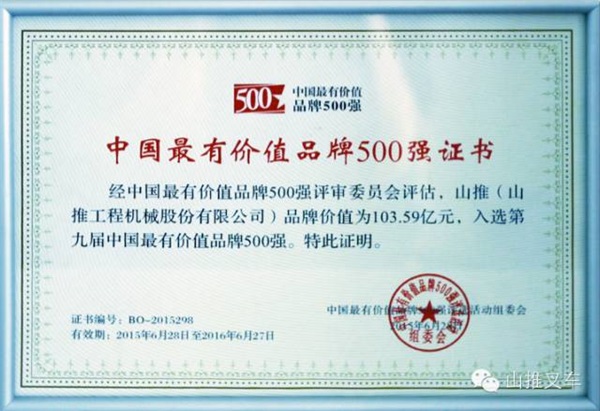 6月28日,由《品牌观察》杂志社主办的第九届“中国最有价值品牌500强”颁奖盛典在广州隆重举行,盛典揭晓了“中国最有价值品牌500强”榜单,山推以强大的品牌实力荣登本届中国最有价值品牌500强,经评估的品牌价值为103.59亿元。
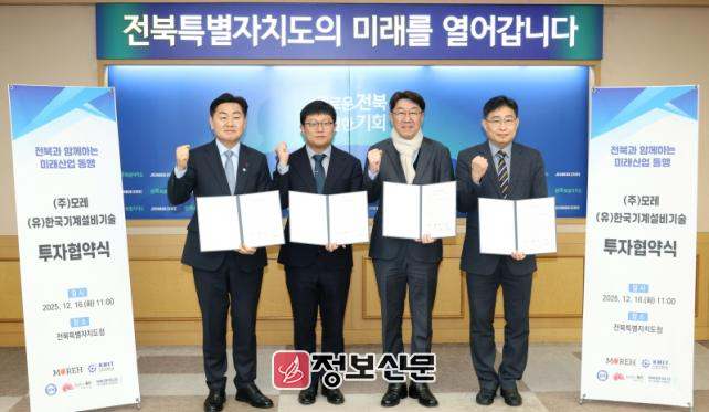 전주시와 전북특별자치도, 전북연구개발특구는 16일 전북특별자치도청에서 탄소국가산단과 전북테크비즈센터 입주를 희망하는 (유)한국기계설비기술(대표 하정성)과 ㈜모레(대표 조강원) 등 2개 기업과 총 356억 원 규모의 투자협약을 체결했다.
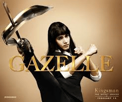 Gazelle gets killed by Eggsy, Roxy’s partner in the end of the movie. Eggsy uses one of Gazelle’s legs to “spear” the master mind Richard Valentine.
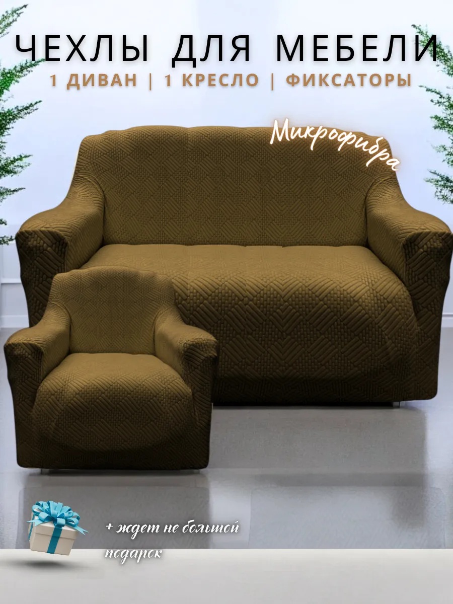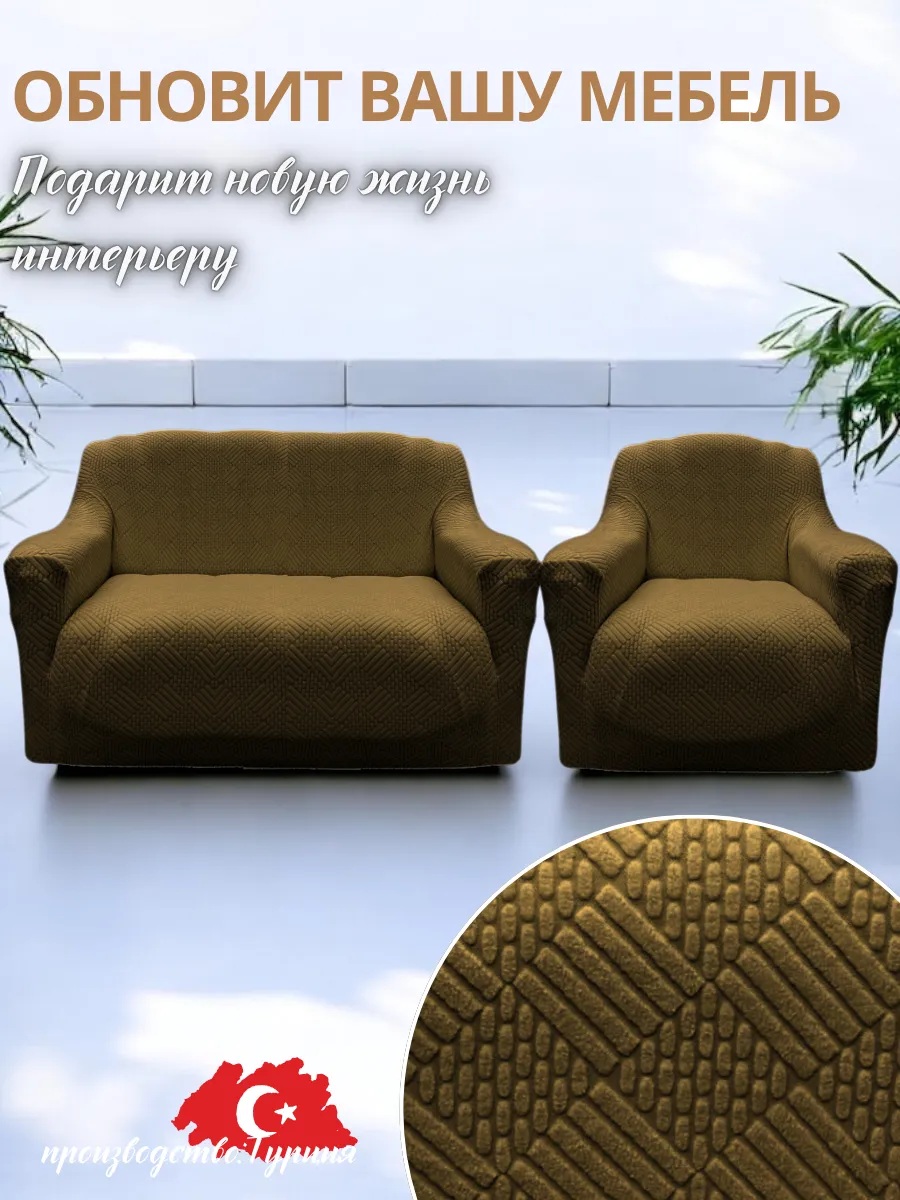 Чехол на 3-х местный диван и 1 кресло без оборки Бархатный Жаккард ,шоколадно-коричневый

=-=-=

Work to be completed — An exact copy of all the data above is required; omit any pictures.

Finished exercise —
 6月28日,由《品牌观察》杂志社主办的第九届“中国最有价值品牌500强”颁奖盛典在广州隆重举行,盛典揭晓了“中国最有价值品牌500强”榜单,山推以强大的品牌实力荣登本届中国最有价值品牌500强,经评估的品牌价值为103.59亿元。
 전주시와 전북특별자치도, 전북연구개발특구는 16일 전북특별자치도청에서 탄소국가산단과 전북테크비즈센터 입주를 희망하는 (유)한국기계설비기술(대표 하정성)과 ㈜모레(대표 조강원) 등 2개 기업과 총 356억 원 규모의 투자협약을 체결했다.
 Gazelle gets killed by Eggsy, Roxy’s partner in the end of the movie. Eggsy uses one of Gazelle’s legs to “spear” the master mind Richard Valentine.
 Чехол на 3-х местный диван и 1 кресло без оборки Бархатный Жаккард ,шоколадно-коричневый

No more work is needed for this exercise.